[MLton] profiling and tail calls

Stephen Weeks MLton@mlton.org
Fri, 19 Nov 2004 09:57:56 -0800


> I note that lib/cml/tests/ping-pong.mlb runs in constant stack space
> without profiling, but runs with >= O(n) stack space with profiling
> (of any sort).

The problem is that MLton proves that the pong loop never terminates.
This causes the normal return case of the call to be a Bug transfer
instead of Leave followed by a Return transfer.  Hence, the recursive
should-be-tail call to loop doesn't match the pattern of the
optimization that I showed earlier, where the SSA shrinker looks for a
nontail call where both the normal and exceptional continuation are
only profiling statements followed by a Return or Raise respectively.

Here's a simple program that demonstrates the problem.

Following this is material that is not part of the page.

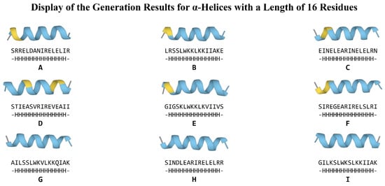 The primary structure, secondary structure, and folding structure of the best sequence generated through 50 consecutive generations under the condition of 16-residue α-helices by our PPD model. Each subplot illustrates, from top to bottom: (1) ESMFold-predicted structure of 16-residue α-helix designed by our PPD model, (2) the corresponding primary structure, and (3) per-residue secondary structure calculated via DSSP algorithm. The designed polypeptides demonstrate high structural reliability, significant sequence diversity, and strict adherence to the generative condition.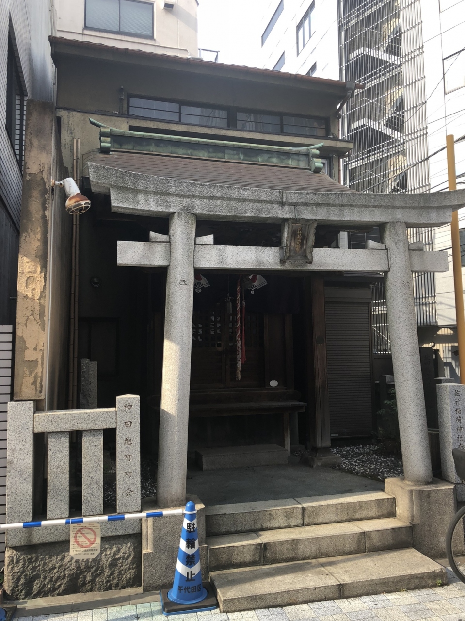 あJR神田駅西口の商店街の中にある小さな稲荷神社です。駅からはゆっくり歩いても4~5分でつきます。

----------------------------------------------------------------------
val n = valOf (Int.fromString (hd (CommandLine.arguments ())))
exception Done
fun loop n =
   if n = 0
      then raise Done
   else loop (n - 1)
val () = loop n
----------------------------------------------------------------------

Compiling this with

	mlton -profile time -keep ssa2 -keep dot z.sml

yields a program that takes O(n) space.  Here's the offending Ssa2 and
corresponding dot file.  The Bug transfer in L_370 causes the problem.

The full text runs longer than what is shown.